For What It’s Worth
Memorial Day memory
A Memorial Day that started with no special plans ended with a nice memory.
Early this morning, Carol and I decided to check with her mother, Helen Helt, an active 94-year-old, and see if she would like to do lunch or come to our house for supper. Her mom opted for supper and suggested that the meal might be primarily leftovers from the brisket and ribs barbecue we had enjoyed at her house Friday when family gathered to celebrate some birthdays and enjoy my nephew visiting from Tennessee. The leftovers sounded great.
Carol mentioned to her mom that her friend Wanda might be interested, and also suggested that we contact another family friend, Lynn, also a widow like Wanda and Carol’s mom. She, too, was eager to come, so now we almost had a table full. One more call to Max and Donna Craighead, friends of Carol’s family, and we had enough people to make serious headway on devouring those leftovers.

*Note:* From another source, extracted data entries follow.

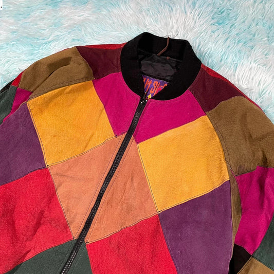 Vintage 80s Multicoloured Leather Bomber Jacket - Medium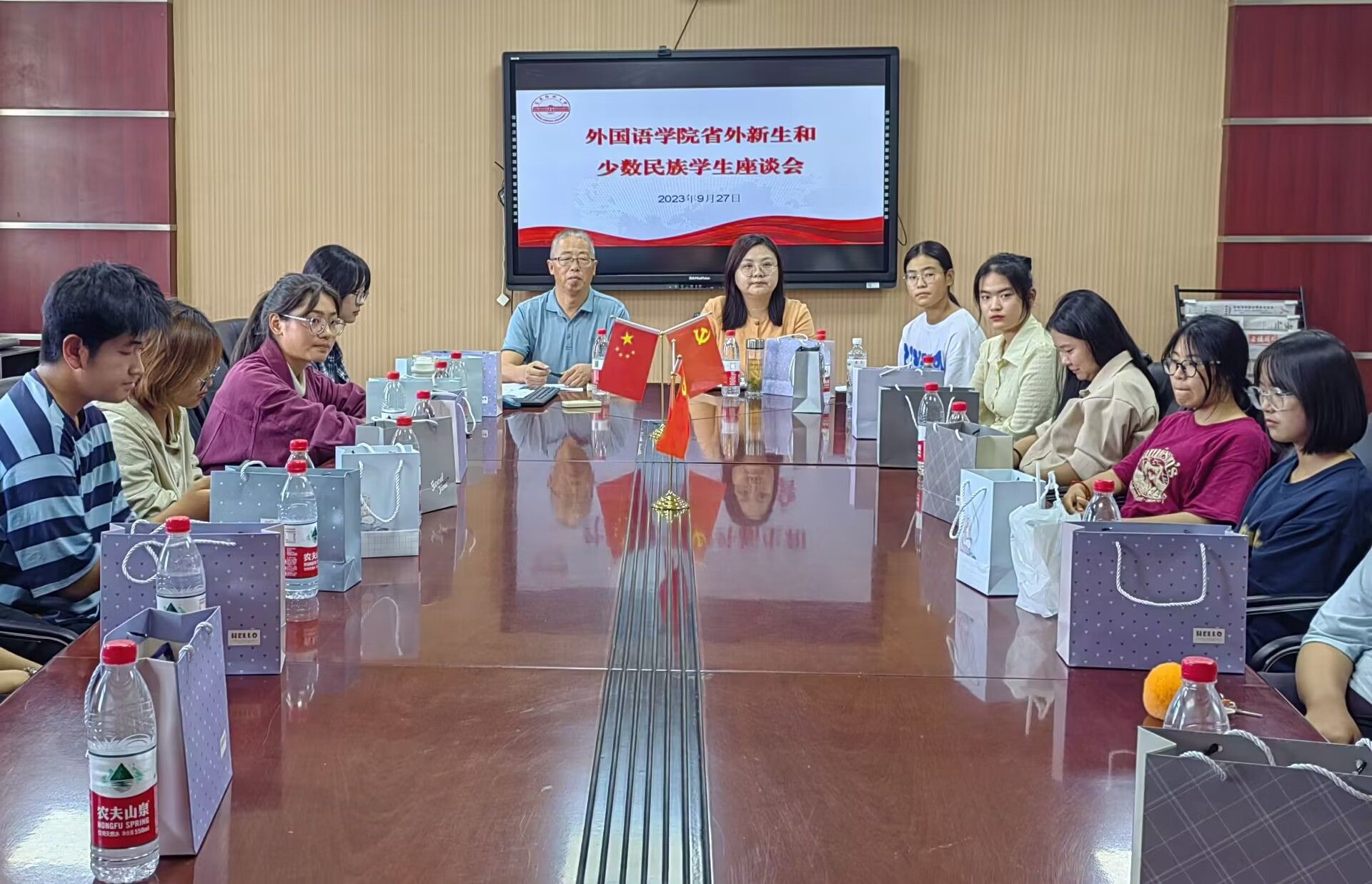来自云南、甘肃、山东、湖北4个省份,回族、彝族、苗族、土家族4个少数民族共计24名学生分别从学习、生活、未来规划等多方面进行交流。来自云南彝族2023级外国语言文学6班的普娅丽表示:“虽然离家千里,气候和饮食习惯差异很大,但是学校和学院的关心和关爱让我们心里暖意融融。相信日后我们会更加努力,早日适应大学的学习节奏。”座谈会后,学院领导和老师为同学们发放了中秋、国庆的节日慰问品。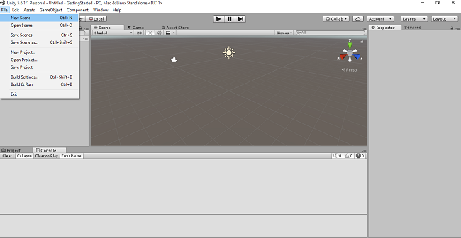 In this menu, we have New Scene, Open Scene, Save and Save as the Scene, New and Open Project. New scene creates the scene in your game.

Of course, Carol was not content to focus only on the leftover barbecue, baked beans, apple-celery salad and fruit salad. She decided to cook some corn on the cob, add a loaf of French bread and put a relish dish on the table. Oh, she also made a homemade peach dump cake.
The meal was delicious and the evening entertaining. As the old saying goes, a good time was had by all. I’m not sure whose story topped whose, but we heard many an interesting tale of times and incidents past. When people our age get together, conversation becomes a memory fest.
One of the stories told while we were chatting in our living room prior to eating struck me as particularly appropriate for Memorial Day.
Right after Wanda told about finding a diamond ring years ago among some small toy items left behind on a restaurant table, Donna related her own story about finding a ring. She was waiting outside a restaurant restroom when her daughter came out with a class ring on her finger. She told her mom she had found it on the counter near the hand dryer. Donna asked if anyone else was in the restroom and her daughter assured there was not.
Donna explained the situation to a restaurant employee and left her name and contact information in the event someone returned in search of the ring. She kept it to be assured it was returned to the owner, not to the wrong person. Soon, a woman contacted her and was able to properly identify the ring.
The woman was more excited than one might expect her to be over a class ring. The reason? The ring was more than just a class ring to the woman. It was her husband’s class ring and he had entrusted it to her shortly before being killed while serving overseas in the military.
How appropriate, I thought, that this story from Donna’s past would come up in conversation on Memorial Day.
On this day, I offer heartfelt thanks for all those who have given their lives in defense of this country and the freedoms it offers its citizens. I also salute my fellow veterans and those now serving in the U.S. military.